2.5 Comment why a quadratic model was more appropriate for this data.

A quadratic model is more appropriate because the scatterplot shows a clear curved relationship between tyrosine level and carpet age — the decline in age is steep for low tyrosine values and then levels off as tyrosine increases. The residual plots from the simple linear model also display a curved pattern, indicating the linear model systematically underestimates age at both low and high tyrosine levels and overestimates age in the middle range. Including a squared term for tyrosine accounts for this curvature, leading to a better fit and more accurate predictions.

2.6 Plot the data with your appropriate model superimposed over it.
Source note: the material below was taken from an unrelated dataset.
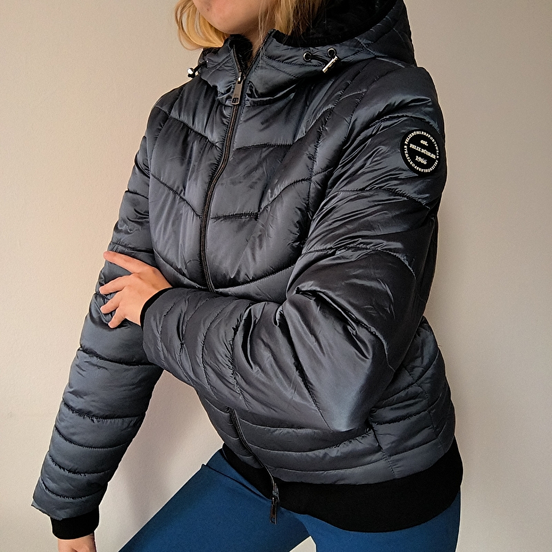 Kurtka jezdziecka zimowa Felix Bühler. Srebrna lekko holo. Super wygląda na sylwetce. Nowszy model. Ma spory kaptur który można przypiąć do pleców podczas jazdy. Zdecydowanie jest godna polecenia. Bardzo wygodna. Kryte kieszenie na zamek. Stan bardzo dobry. Rozmiar 36 s szerokość 48 cm x2 dl całkowita od ramienia 64 cm Dl rękawa od pachy 50 cm

plot(age ~ tyr, data = carpet.df)

# Fit quadratic model
carpet.quad <- lm(age ~ tyr + I(tyr^2), data = carpet.df)

# Scatterplot of data
plot(age ~ tyr, data = carpet.df,
     xlab = "Tyrosine level (g per 1000g fibre)",
     ylab = "Carpet age (years)",
     main = "Carpet age vs Tyrosine level")

# Add quadratic curve
tyr.seq <- seq(min(carpet.df$tyr), max(carpet.df$tyr), length.out = 200)
pred.age <- predict(carpet.quad, newdata = data.frame(tyr = tyr.seq))
lines(tyr.seq, pred.age, col = "blue", lwd = 2)

2.7 Write appropriate Methods and Assumption Checks.

2.8 Use your model to predict the age of a carpet with tyrosine level 13.25.

# Predict age for tyr = 13.25 with a 95% prediction interval
predict(carpet.quad,
        newdata = data.frame(tyr = 13.25),
        interval = "prediction",
        level = 0.95)

##        fit      lwr      upr
## 1 336.9969 212.2285 461.7653

2.9 Write an sentence, as if for an Executive Summary, interpreting the requested prediction interval.

For a carpet with a tyrosine level of 13.25 g per 1000 g fibre, the model predicts an age of about X years, with a 95% prediction interval from L to U years, meaning we are 95% confident that the true age of a similar carpet will fall within this range.

2.10 Some additional useful information

summary(carpet.df$age)

##    Min. 1st Qu.  Median    Mean 3rd Qu.    Max. 
##     120     350    1400    1018    1550    1750

2.11 Comment on how useful the model is for prediction.

The quadratic model explains most of the variation in carpet age from tyrosine level and the fitted curve follows the overall trend in the data well, making it useful for predicting ages within the observed tyrosine range. However, predictions are less reliable at the extremes where data are sparse, and the prediction intervals can be wide, reflecting uncertainty for individual carpets. The model should therefore be used with caution for tyrosine values far outside the central range of the data.